- Input data
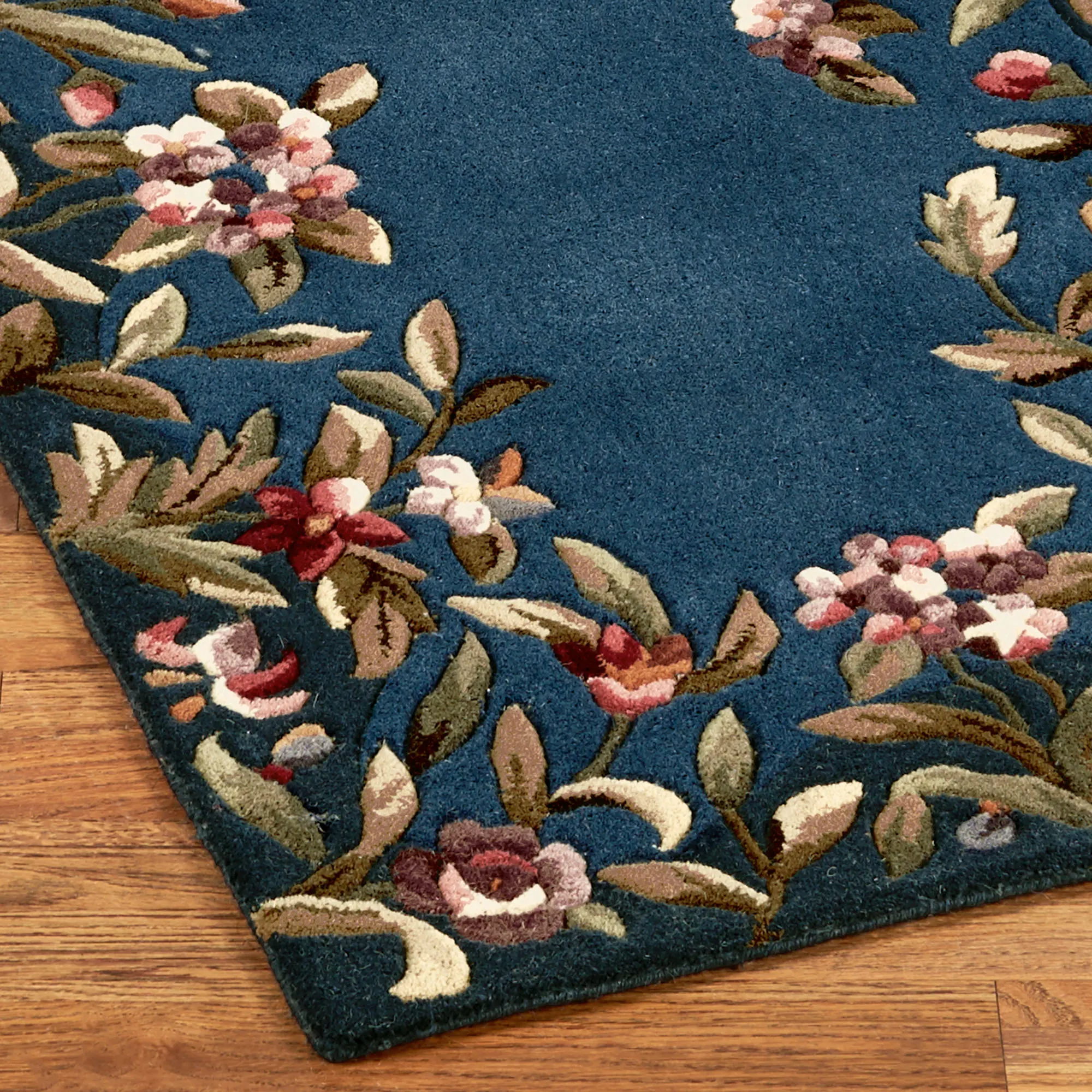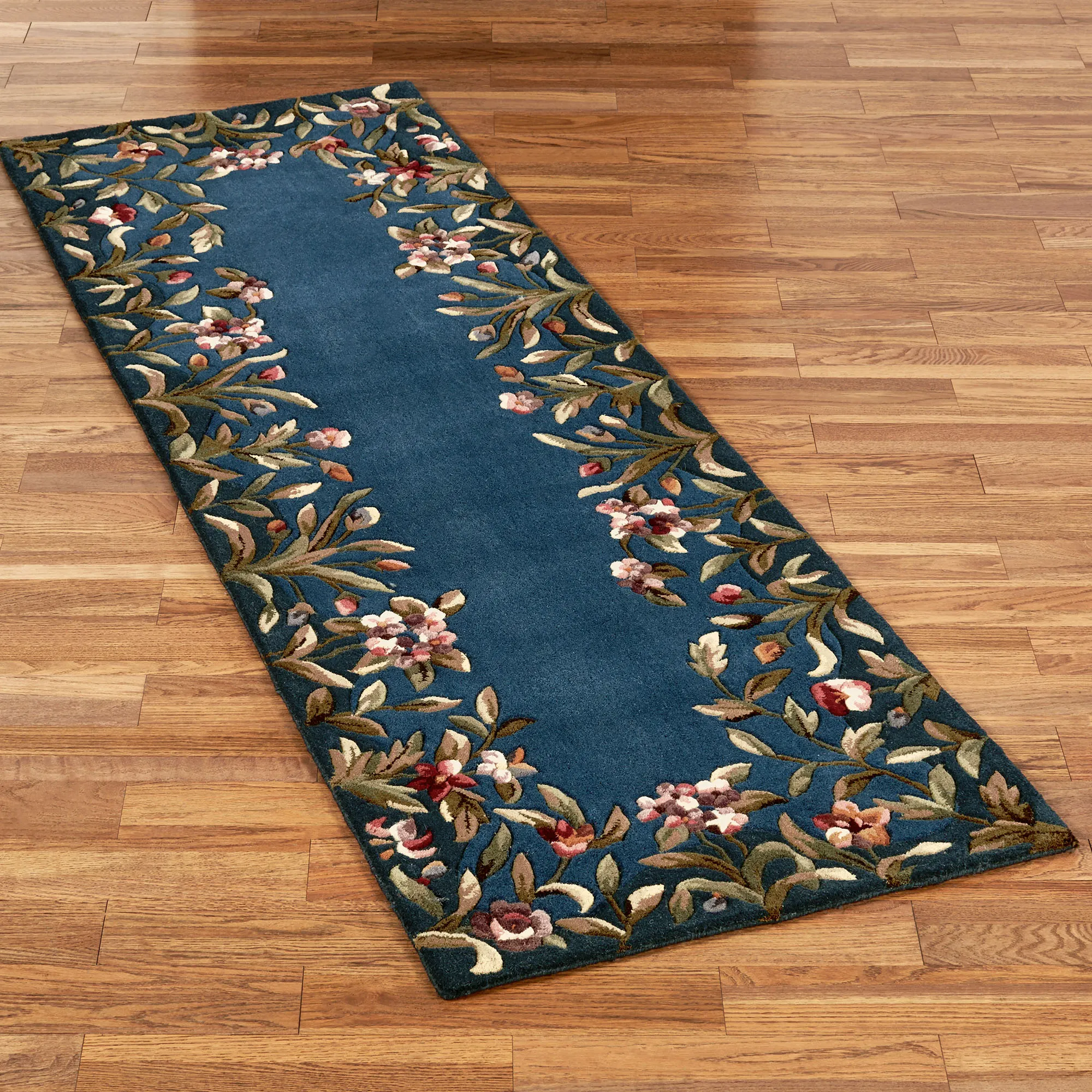 The Felisha Floral Border Rug Runners bring a summer garden to your home. Wool area rugs, .5" thick, are skillfully hand-tufted. Outer floral border designs are on a solid ground. Handcarving adds dimension to the floral and foliage designs. Accent colors include buttercup, rose, sage, lilac, plum, peach, burgundy, cedar, and ivory. Indigo has a midnight blue outer border. Lavender has a dark purple outer border. Sage has a dark dusty sage outer border. Backing is cotton-covered latex. Due to the handcrafted nature, slight variations may occur. We recommend professional cleaning by a rug cleaner. Imported.
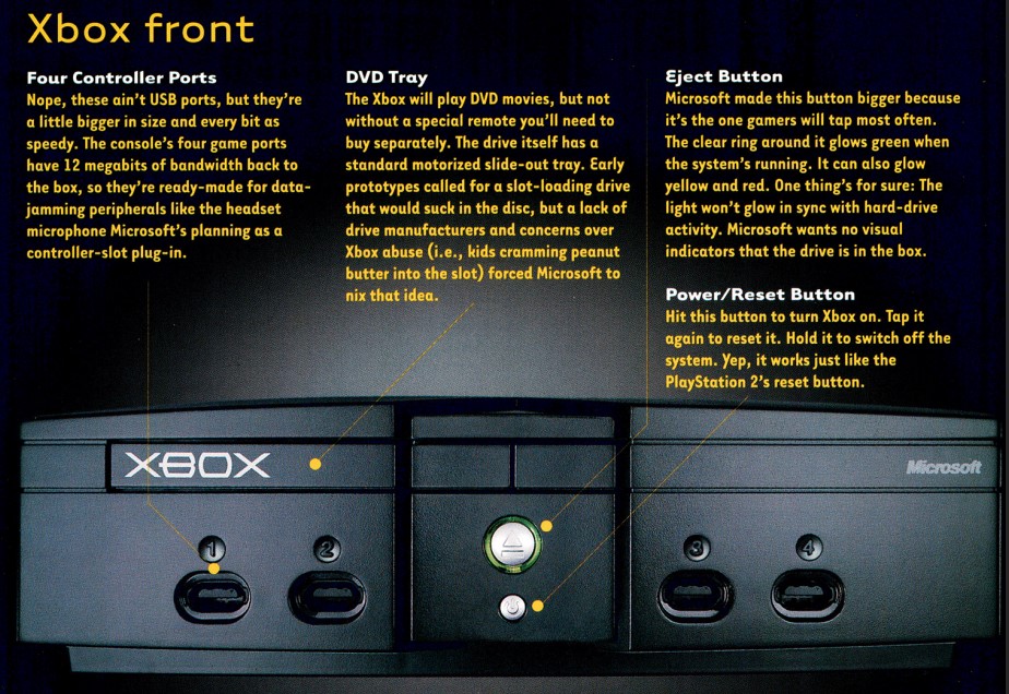 Fino a PlayStation 2, le console avevano avuto un tasto dedicato all’accensione e uno al riavvio. Sony aveva accorpato le due funzioni in un unico tasto, dal funzionamento inizialmente percepito come complesso o, perlomeno, meritevole di approfondimenti4. Microsoft qui ci teneva a far sapere che era d’accordo con la nuova filosofia di Sony e che chi era già abituato a PlayStation 2, si sarebbe ritrovato a casa.
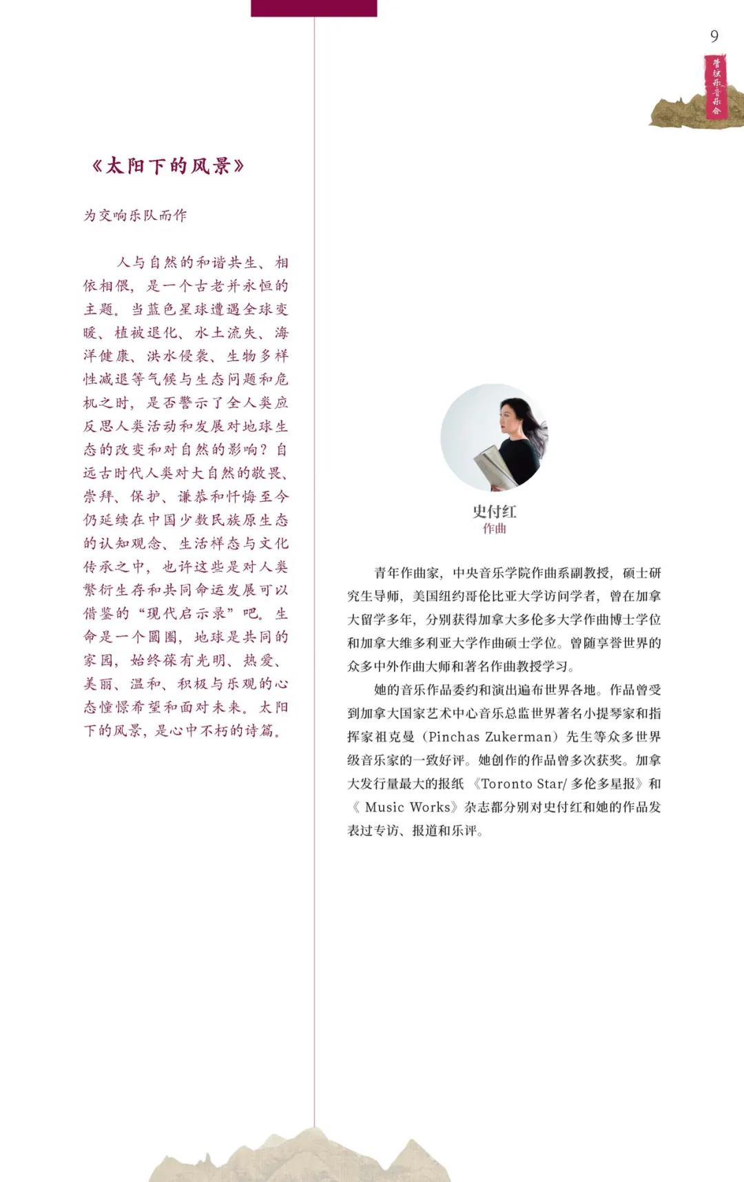 下半场的第一部作品是史付红的《太阳下的风景》,这是一个三管编制的乐队作品。此前,在她的作品《聆听城市》中,史付红探讨了人与城市的关系,在《太阳下的风景》中,她更多地关注了人与自然的关系,“在我们与疫情相伴的这两年里,我们学会了要更多地关注自然。极端天气的增加,更是自然对人类发出的警示,让人类反思哪些人类活动与地球生态发展之间存在矛盾。我们应该学习少数民族对自然的敬畏、保护、谦恭。”

- What you have to do
Everything in the listing must be restated word for word, except for the pictures.

- Exercise response
 The Felisha Floral Border Rug Runners bring a summer garden to your home. Wool area rugs, .5" thick, are skillfully hand-tufted. Outer floral border designs are on a solid ground. Handcarving adds dimension to the floral and foliage designs. Accent colors include buttercup, rose, sage, lilac, plum, peach, burgundy, cedar, and ivory. Indigo has a midnight blue outer border. Lavender has a dark purple outer border. Sage has a dark dusty sage outer border. Backing is cotton-covered latex. Due to the handcrafted nature, slight variations may occur. We recommend professional cleaning by a rug cleaner. Imported.
 Fino a PlayStation 2, le console avevano avuto un tasto dedicato all’accensione e uno al riavvio. Sony aveva accorpato le due funzioni in un unico tasto, dal funzionamento inizialmente percepito come complesso o, perlomeno, meritevole di approfondimenti4. Microsoft qui ci teneva a far sapere che era d’accordo con la nuova filosofia di Sony e che chi era già abituato a PlayStation 2, si sarebbe ritrovato a casa.
 下半场的第一部作品是史付红的《太阳下的风景》,这是一个三管编制的乐队作品。此前,在她的作品《聆听城市》中,史付红探讨了人与城市的关系,在《太阳下的风景》中,她更多地关注了人与自然的关系,“在我们与疫情相伴的这两年里,我们学会了要更多地关注自然。极端天气的增加,更是自然对人类发出的警示,让人类反思哪些人类活动与地球生态发展之间存在矛盾。我们应该学习少数民族对自然的敬畏、保护、谦恭。”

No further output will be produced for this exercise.